司礼砚救了她,自己也陷入危险之中。
司礼砚看了一眼沈青黛,正好对上对方的视线,从两人的眼里他们都明白,对方肯定也是想起了这段往事。
而白泽跟黑曜还没从找到万年前对付鬼王的方法的高兴中冷静下来,就被两人当头泼了一盆冷水,整个表情瞬间黯淡下来。
特别是黑曜。
本以为是什么有用的东西,没想到只是一个没用的阵法。
“对了。”他像是想起什么,又拿出一张纸。
“在这些图案旁边还有些东西,看起来像是一种文字,但是我看不懂是什么,就一起拓印下来了,你们看看。”
他将纸张展开,纸张很大,上面密密麻麻的画满了一些小图案。的确如同黑曜所说,那些图案看起来有点像是一种文字。
“这是我们宗门用来传信的一种记录文字,只有本宗门的人才看得懂。”
沈青黛看了眼上面的文字,虽然因为黑曜不懂,拓印下来有些地方有些奇怪,但还是不影响阅读,当即念了出来。
第一句就让沈青黛愣了一下。
【吾乃灵峰宗宗主灵清,因愧对天下苍生却不敢公布,特在此刻下认罪书,愿能减轻吾心中愧疚。
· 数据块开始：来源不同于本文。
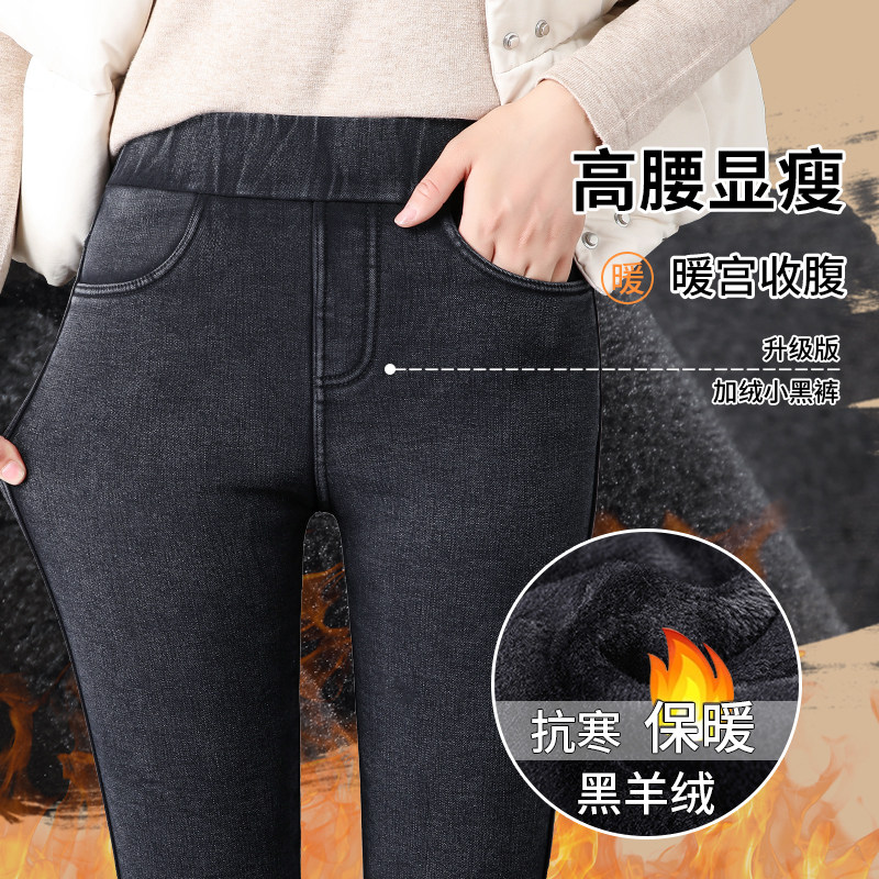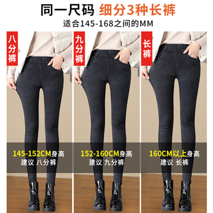 九 八分小个子高腰显瘦保暖小脚裤 加绒加厚牛仔打底裤 女外穿秋冬季

】
当初沈青黛跟司礼砚在一起的日子里,因为无聊,她也教过对方辨认这种字,所以司礼砚也知道上面写的是什么。
“灵清道人,你的师父?”司礼砚看向沈青黛。
沈青黛点头,有些不解,“可是师父为什么要在封印鬼王的地方刻下这封信,他到底做了什么?”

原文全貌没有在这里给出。